MySale's headquarters are in Sydney, New South Wales, Australia. Frasers Group
has no intention within 12 months following the Offer becoming or being
declared unconditional to relocate MySale's headquarters and headquarter
functions from its current location.

Frasers Group has no intention within 12 months following the Offer becoming
or being declared unconditional to make any material changes to the deployment
of MySale's fixed assets save that certain fixed assets may be upgraded and/or
replaced as part of Frasers Group's investment in MySale. Frasers Group may
consider expanding MySale's business to include physical bricks-and-mortar
stores. Frasers Group may also look to acquire or lease additional or (if
relevant) replacement warehousing in order to hold increasing amounts of
Frasers Group inventory and to support the requirements of the MySale business
as it grows and evolves. In the event that any warehousing facilities that
MySale may have are relocated or MySale's business is expanded to establish a
physical presence in a new area, this could result in a reduction in, or the
relocation of, MySale's employees (and those of its subsidiaries) in the
relevant area, although Frasers Group does not believe that this would result
in an overall reduction in the number of employees as new colleagues would
join the MySale business at its new premises.

Given MySale is an online flash sales retailer, Frasers Group does not believe
there is an existing research and development function and, as a result,
Frasers Group has no intentions regarding and has no plans to change MySale's
research and development functions.

Save for the further development of the clearing channels for Frasers Group's
end of line products and integration into Frasers Group, Frasers Group does
not believe that the Offer will affect Frasers Group, its employees and
management (including employment conditions or balance of skills and
functions), strategic plans, places of business or its headquarters (including
Frasers Group's headquarter functions).

Frasers Group has confirmed that there is no agreement, arrangement or
understanding for the transfer of its MySale Shares to any third party.

MySale Shares are currently admitted to trading on AIM. As set out in
paragraph 12, if, following the Offer becoming, or being declared,
unconditional, Frasers Group has by virtue of acceptances of the Offer
acquired, or agreed to acquire, MySale Shares which, when aggregated with the
MySale Shares held by Frasers Group (and any persons acting in concert with
it), represent not less than 75 per cent. of the voting rights attached to the
MySale Shares, Frasers Group will consider making an application for the
cancellation of the admission of MySale Shares to trading on AIM.

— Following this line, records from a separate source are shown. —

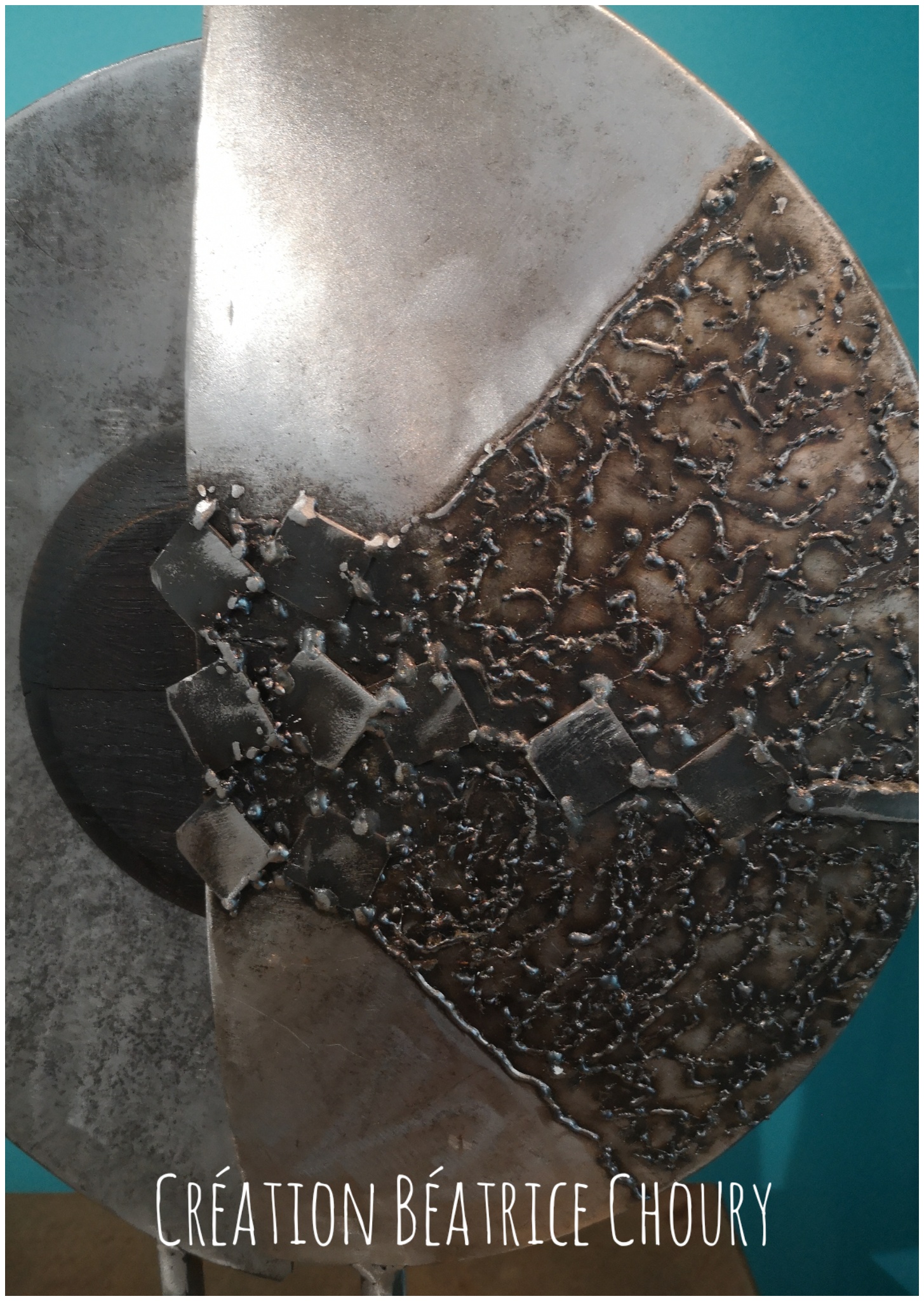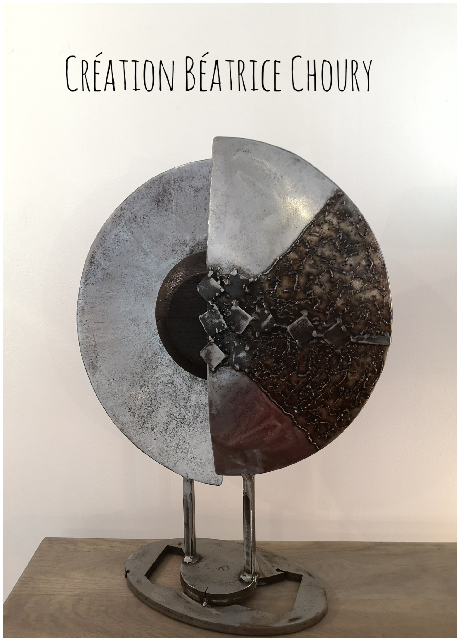 Cette sculpture est le fruit d’une exploration passionnée des contrastes et des complémentarités entre deux matériaux nobles : le métal et le bois massif.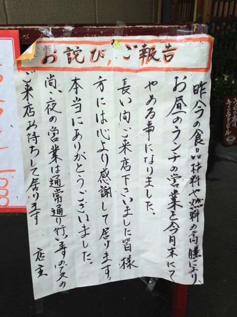 居酒屋営業はこれからも続くんですが、ランチファンは悲しい月末です。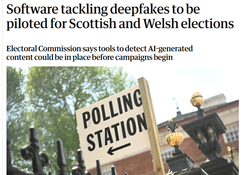 - 딥페이크 대응 파일럿(영국 선거 관련) 보도(The Guardian)
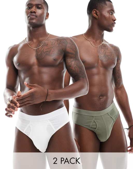 ASOS DESIGN 2 pack briefs in white and khaki

7.   MySale Shares to which the Offer relates

The Offer shall extend to the MySale Shares not already owned by Frasers
Group, which represent approximately 71.3 per cent. of MySale's existing
issued ordinary share capital.

In addition, the Offer shall extend to any MySale Shares which are
unconditionally allotted and/or issued and fully paid (or credited as fully
paid) on or before the date on which the Offer closes as to acceptances (or
such earlier date as Frasers Group may, subject to the Takeover Code, decide).
This will include MySale Shares arising pursuant to the exercise of options
under the MySale Share Plans or pursuant to a conversion event under the
Convertible Loan Notes.

Frasers Group will make appropriate proposals to the participants of the
MySale Share Plans and to the holders of Convertible Loan Notes in due course.

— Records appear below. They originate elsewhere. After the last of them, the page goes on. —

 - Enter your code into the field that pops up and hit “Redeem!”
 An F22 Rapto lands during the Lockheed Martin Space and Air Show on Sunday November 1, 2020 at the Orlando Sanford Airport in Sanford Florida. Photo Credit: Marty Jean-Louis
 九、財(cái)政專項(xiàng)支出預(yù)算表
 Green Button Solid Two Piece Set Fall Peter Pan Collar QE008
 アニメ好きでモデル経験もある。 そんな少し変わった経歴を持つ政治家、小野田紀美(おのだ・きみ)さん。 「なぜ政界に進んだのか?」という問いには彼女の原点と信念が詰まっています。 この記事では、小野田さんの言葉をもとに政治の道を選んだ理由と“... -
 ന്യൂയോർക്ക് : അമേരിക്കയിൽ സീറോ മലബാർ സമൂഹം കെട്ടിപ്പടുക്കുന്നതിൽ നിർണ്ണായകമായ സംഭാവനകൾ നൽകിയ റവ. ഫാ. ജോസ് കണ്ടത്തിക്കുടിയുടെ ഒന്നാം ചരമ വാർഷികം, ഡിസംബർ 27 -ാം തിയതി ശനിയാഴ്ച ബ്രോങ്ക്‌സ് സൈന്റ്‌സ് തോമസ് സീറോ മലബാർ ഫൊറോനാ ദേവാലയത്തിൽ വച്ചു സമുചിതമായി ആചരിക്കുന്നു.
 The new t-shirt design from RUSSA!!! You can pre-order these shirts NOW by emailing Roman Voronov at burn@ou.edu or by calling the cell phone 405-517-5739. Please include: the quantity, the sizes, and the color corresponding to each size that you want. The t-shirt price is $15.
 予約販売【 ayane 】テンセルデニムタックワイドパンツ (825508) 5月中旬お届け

8.   Financing of the Offer

The Offer will be financed from the existing cash resources of Frasers Group.

Numis, the financial adviser to Frasers Group, confirms that it is satisfied
that sufficient resources are available to Frasers Group to enable it to
satisfy in full the cash consideration payable to MySale Shareholders in the
event of full acceptance of the Offer.

9.   Disclosure of Interests in Relevant Securities

In this paragraph 9, "Relevant Securities'' means MySale Shares and securities
convertible into, or rights to subscribe for, options (including traded
options) in respect thereof and derivatives referenced thereto.

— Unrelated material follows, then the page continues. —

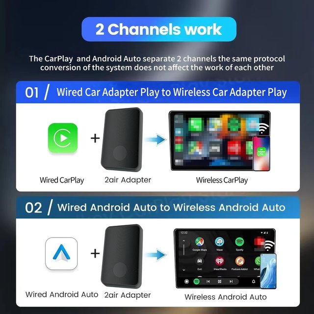 ?하나의 상자는 두 개의 채널을 지원합니다. Cayplay 및 Android 자동 2 in 1, 연결은 간단합니다. 처음 구성에 성공하면 다음에 자동으로 연결됩니다.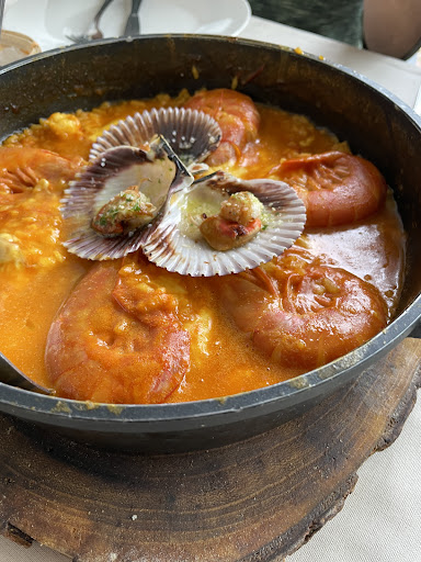 Llevamos años yendo de vez en cuando a comer, siempre hacemos una parada aqui a la vuelta de nuestros viajes a Portugal . Nos gustaba todo : la calidad de los productos, la preparación, el trato del personal, el Menú tanto a la carta como Plato del día, el precio ... El comedor interior con una decoración sencilla, pero agradable con unos toques muy originales y agradables. Hace unos años, cambió el Chef y , aunq no fue un gran cambio, lo fue para mejor. Desde la pandemia todo fue a peor ... Hicieron un comedor anexo en un lateral, que no está a la altura de los otros 2 comedores. Es un local chabacano, mal rematado, sillas incómodas, pintado por un "aficionado" previo recebado de un mal profesional. Tienen la horrible y desagradable costumbre de llenar primero este incomodo y feo comedor y no abrir el más cómodo y bonito hasta q los otros 2 están llenos. Con lo cual, los clientes que llegan más temprano ocupan los peores sitios. En la última Fiesta del Choco, tomamos un arroz con choco, q no nos gustó ... pero lo " perdonamos" porq en dias de tanta gente es difícil encontrar el punto al arroz. El pasado domingo ya fue el colmo . Un " pulpeiro " en la acera con su mesa montada con los platos y demás elementos ... pantalón corto, y fumando, al ladito de la mesa . Cualquier inspector de Sanidad le hubiese multado. Nos pasan al incómodo comedor exterior, estando vacios los otros, donde había 3 mesas ocupadas, otras con el cartel de " Reservado"... Fueron llegando clientes, al igual q nosotros, sin reserva. Los fueron colocando a su antojo ... A nuestro lado una mesa redonda con 8 personas, sin la más mínima educación ni respeto porvlis demas, hablando a voces, riendo escandalosamente ... Nos atendieron 4 personas , como en un restaurante de 4 tenedores : el primero tomo nota declas bebidas, otro trajo el pan y bebidas, una señora tomó nota de los platos ... tomamos Menú del Día , realmente bueno ( vieiras, solomillo a la pimienta, arroz con bogavante, postre, bebidas y café ) , 25€ . Todo muy bien preparado, bien servido... El 1er plato llegó enseguida, el 2° tardó bastante ... el postre lo reclamamos varias veces ... Mientras, una mesa larga de 8 ó 10 comensales, reclamaba sus platosc... al tiempo, 2 comensales q llevaban un buen rato esperando y soloble habian puesto el pan, se marcharon cansados de la espera ... Ya no pudimos esperar por el café porq se habria hecho de noche. Una experiencia horrible por culpa de una mala gestión . La carta sigue siendo buena , la materia prima fresca y bien cocinada , el servicio muuuuyyy leeeeenntoooo , los precios buenos .... La estrategia de llenar primero el peor comedor es muy mala estrategia ... Si no tienen clientes suficientes para llenar todo, los clientes se iran con la idea de q tienen unos comedores feos e incómodos ... Del mal comportamiento de los clientes maleducados no podemos culpar a la gerencia , pero hay q teber en cuenta q , a veces, los clientes nos comportamos según el local y el trato nos " condiciona" ... hay q tener muy poca educación paea levantar la voz y carcajearse en un comedor limpio, fino, discreto, ordenado .... Sentimos menos habernos quedado sin un restaurante en el que nos sentiamos tan a gusto. Les deseo...

As at the close of business on 16 August 2022 (being the last Business Day
prior to the date of this Announcement), Frasers Group had the following
interests in Relevant Securities:

 Name            Nature of interest        Number of MySale Shares interested in  Interest as a percentage of issued MySale Shares

 Frasers Group   Owner of MySale Shares    270,666,650                            28.50%
 Frasers Group   Contracts for difference  1,400,000                              0.15%
                                           272,066,650                            28.65%

 

As at the close of business on 16 August 2022 (being the last Business Day
prior to the date of this Announcement), save as disclosed in this
Announcement, neither Frasers Group nor any of its directors, nor, so far as
Frasers Group is aware, any persons acting in concert (within the meaning of
the Takeover Code) with Frasers Group, for the purposes of the Offer:

a)   had any interest in, or right to subscribe for, any Relevant
Securities;

b)   had any short position (whether conditional or absolute and whether in
the money or otherwise), including any short position under a derivative, any
agreement to sell or any delivery obligation or right to require another
person to purchase or take delivery of Relevant Securities;

c)   has borrowed or lent (including, for these purposes, entering into any
financial collateral arrangements of the kind referred to in Note 4 on Rule
4.6 of the Takeover Code) any Relevant Securities; or

d)   has any outstanding irrevocable commitment or letter of intent with
respect to Relevant Securities.

Furthermore, save as disclosed in this Announcement, no arrangement exists
with Frasers Group in relation to Relevant Securities. For these purposes, an
arrangement includes any indemnity or option arrangement, any agreement or any
understanding, formal or informal, of whatever nature, relating to Relevant
Securities which may be an inducement to deal or refrain from dealing in such
securities.

10. Opening Position Disclosure

Frasers Group confirms that it will make a public Opening Position Disclosure,
which sets out the details required to be disclosed by it under Rule 8.1(a) of
the Takeover Code as soon as possible and by no later than 12 noon on 1
September 2022. Frasers Group confirms that any further necessary disclosures
in accordance with Rule 8.1(a) and Note 2(a)(i) on Rule 8 will be made as soon
as possible.

11. Posting of the Offer Document

The formal Offer Document containing full information relating to the Offer,
including its terms and conditions, will be posted to MySale Shareholders as
soon as practicable and in any event no sooner than 14 days nor no later than
within 28 days of the date of this Announcement.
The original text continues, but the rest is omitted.